Figueroa se formó en la profesión de urbanista en el Instituto Nacional de Administración Pública (INAP), que imparte estudios formales en planificación urbana entregando el título correspondiente, necesario para ejercer esa profesión en la administración municipal española y por ende, en Europa. Este urbanista en la actualidad, junto a su labor docente en la Usach, es asesor de publicaciones tanto españolas como argentinas y además frecuentemente es invitado a dictar charlas y cursos en algunos países.

Finalmente, esperamos que el extenso terreno de la EPV que, por su estratégica localización, tiene un alto precio en el mercado, se le entregue en propiedad en este gobierno a la municipalidad de Valparaíso para que así su Alcalde, con el apoyo del Concejo Municipal, decidan democráticamente, por lo tanto con un proceso de efectiva participación ciudadana, qué tipo de actividad de bien público se ejecutará con un aporte monetario del gobierno central. Ello será posible debido a que Merval ya está haciendo los estudios para soterrar la vía férrea en el sector, tal como sucede en Viña del Mar, de tal forma de posibilitar que los futuros equipamientos comerciales enfrenten las vías idóneas.

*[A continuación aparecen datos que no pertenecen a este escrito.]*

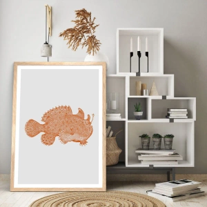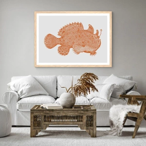 Plakat i ramme af lyst egetræ - Og dog en fisk - 70x50 cm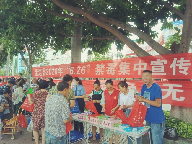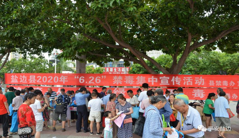 1.“6·26”國際禁毒日即將來臨,6月24日上午,在鹽邊縣移民廣場開展以“健康人生、綠色無毒”為主題的禁毒集中宣傳活動。活動現場采取集中宣傳和流動宣傳相結合的方式,通過懸掛橫幅、發放禁毒、掃黑除惡及國家安全法等宣傳材料。

Para ello es indispensable que haya un soporte económico para asegurar la mantención en el tiempo del proyecto que allí se desarrollará y en tal sentido sería de muy buen gusto que alguno de los grupos económicos que tanto han crecido en democracia se comprometa a financiar su conservación por unos 30 años. En una de esas, el padrino podría ser el controlador de Falabella o bien Angelini, Luksic, Matte, Ponce Lerou, Yarur, Saieh, Paulmann o cualquier otro, incluso Piñera, de aquellos que figuran en la revista Forbes.